Looking to the future
As we enter the first few months of 2026, economists suggest keeping an eye on the following key economic indicators to get an idea of how this year will turn out.
1. Employment: “We're going to pay close attention to the unemployment rate,” Jarosz said. An unexpected drop in jobs could spur interest rate cuts as the Fed looks to strengthen economic expansion.
2. Consumer spending: “How's it going for consumers?'' Bus posing. “Keep in mind that many low- and moderate-income people are experiencing financial strain. Credit card, mortgage, and loan debt and delinquency are on the rise.”
3. Inflation: “How are consumers doing?” Bus poses. “Keep in mind that many low- and moderate-income people are experiencing financial strain. Credit card, mortgage, and loan debt and delinquency are on the rise.”

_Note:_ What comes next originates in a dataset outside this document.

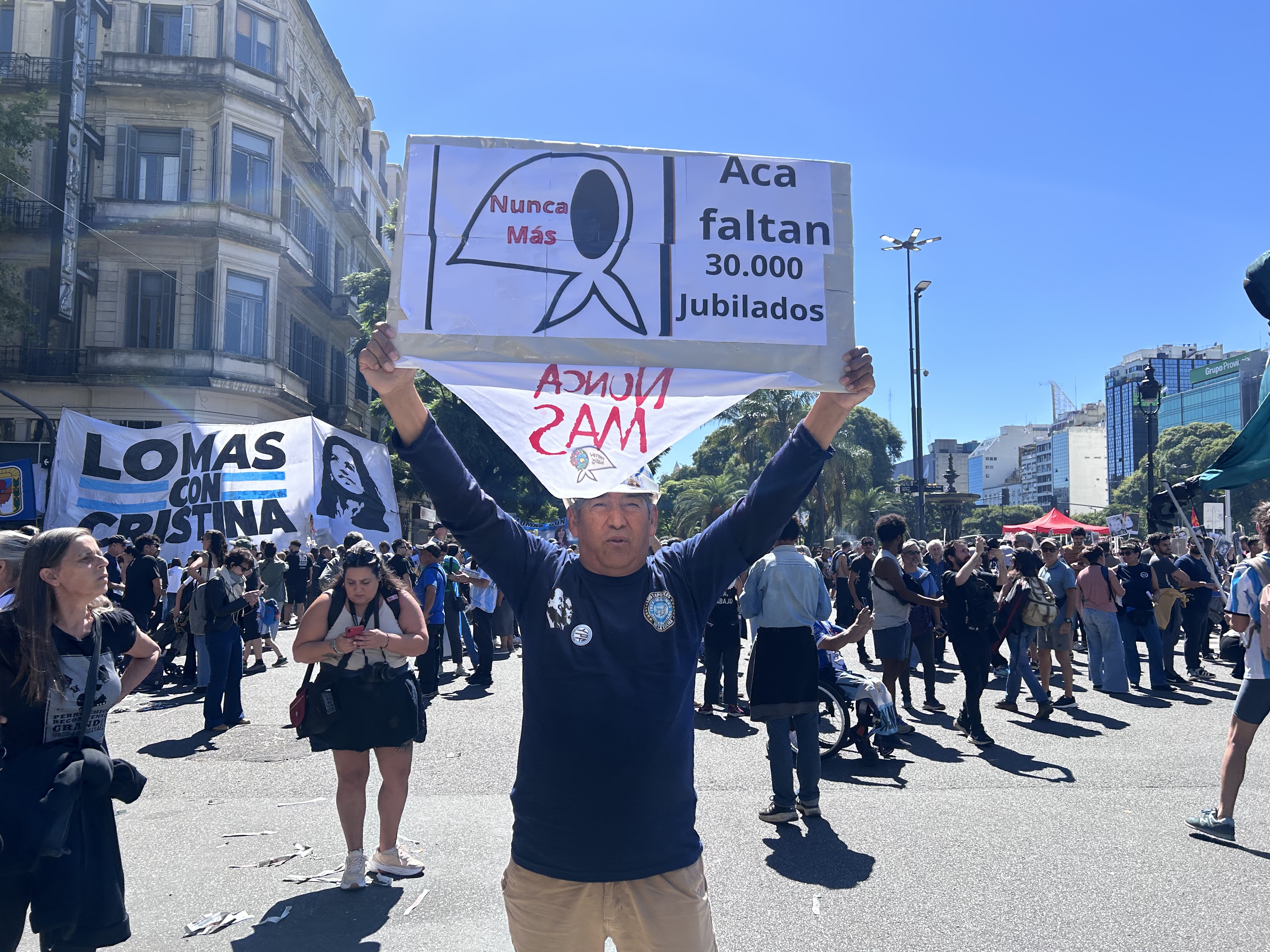 In Avenida de Mayo sfilano sindacati, associazioni di studenti, gruppo di familiari di vittime della dittatura, formazioni popolari come Barrios de pié (quartieri “in piedi” nel senso di mobilitati).
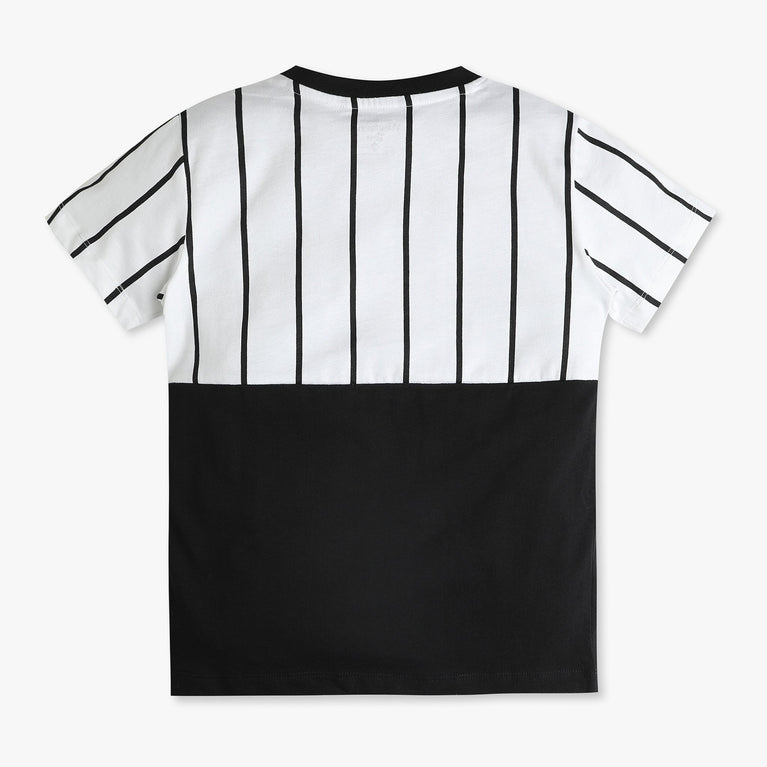 Boys Vertical Stripes Crew Neck Hey Print T-Shirt

Oxford Economics still expects the country to avoid recession, and the projected 2% GDP growth rate is right around what economists define as the country's “natural growth rate” – the level that supports business activity, maintains full employment and avoids triggering inflation.
But perhaps even more important is a lesser-known threat to productivity.
“Right now, it's this country's low population growth rate that permeates throughout the economy,” Connally said. “The Trump administration's policies have reduced immigration. The next generation entering the workforce is about the same size as the boomers retiring, so there will be no net addition to the workforce.”
In response to this trend, companies will look for ways to maximize labor profits by increasing output per worker, Connally said. “In 2026, the focus of companies will not be on giving people a hard time, but on improving productivity by giving them better tools, better training, and better first-level managers.”